Rosemary Stuffed Leg of Pork
Prep Time: 3 Hours
Yields: 6-8 Servings


The fresh pork ham has been a tradition on the New Year's Day table for generations in Louisiana. Normally, the ham is stuffed with fresh seasonings and spices prior to roasting. Various fruits and glazes may be added during baking to enhance this delicious holiday centerpiece.

1 (5-7 pound) fresh pork ham
1/2 cup chopped rosemary
1/4 cup chopped thyme
1/4 cup chopped basil
1/4 cup chopped sage
1/2 cup chopped green onions
1/2 cup chopped parsley
1/2 cup minced garlic
1/2 cup melted butter
3 apples, quartered
1 large onion, quartered
10 garlic cloves
salt and cracked black pepper to taste
Louisiana hot sauce to taste

Preheat oven to 375ºF. Have your butcher remove the heavy skin covering the outer portion of the leg.
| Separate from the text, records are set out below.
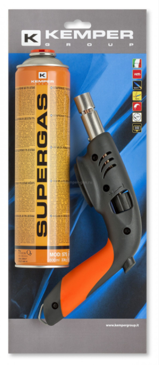 С пьезоподжигом, удобной прорезиненную ручкой, регулятором пламени и крючок для подвеса лампы. С баллончиком 575. Рассчитана на температуру до 1900 °С. Резьба: 7/16.
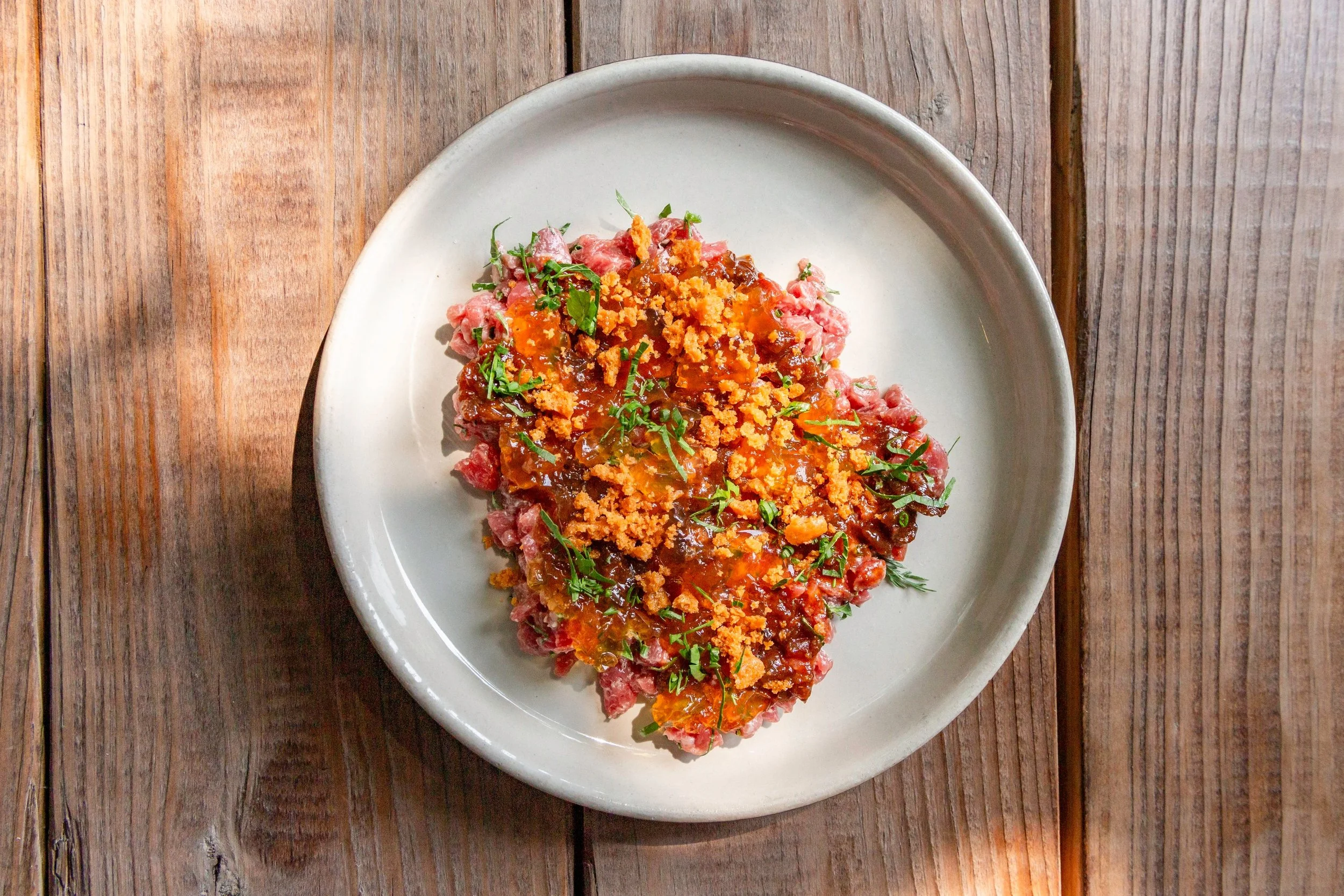 In a mixing bowl, combine Lamb Tartare with a spoonful of Smoked Lamb Fat. Season with salt, pepper, lemon juice, and chopped parsley. On a chilled serving plate, spread Lamb Tartare amorphously. Camouflage with Lamb Jelly, Steak Sauce Chutney, and fried breadcrumbs.
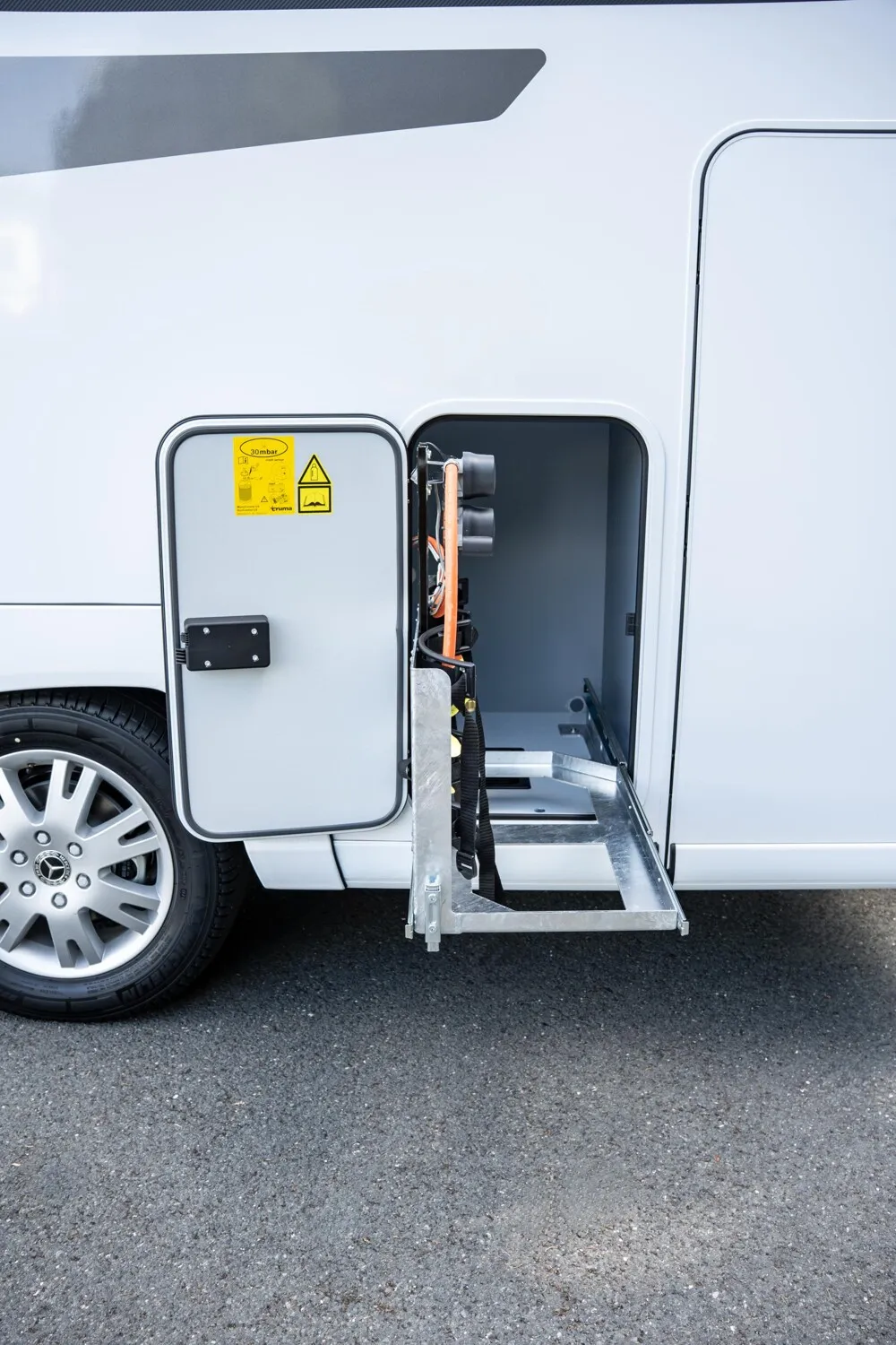 - Aufbautür Deluxe (mit elektr. Zuziehhilfe, Beleuchtung mit Coming Home und Leaving Home Funktion, sowie Fenster)

You may wish to remove the lower portion of the shank to ensure that the roast will fit in a home-style oven. Using a sharp paring knife, cut approximately 15-20 (1-inch) slits throughout the roast. In a small mixing bowl, combine rosemary, thyme, basil, sage, green onions, parsley and garlic. Season the mixture generously with salt and pepper. Blend all ingredients well and stuff a generous portion of the seasoning mixture into each slit. Place the roast in a large baking pan and drizzle with melted butter. Coat the roast with remaining seasoning mixture. Surround with apples, onions and garlic. Sprinkle the entire roast with additional salt, pepper and hot sauce. Cover with foil and bake approximately 2½ hours, until internal temperature reaches 145ºF. Remove cover and allow roast to brown until internal temperature reaches 165-170ºF. Allow to sit 30 minutes prior to slicing.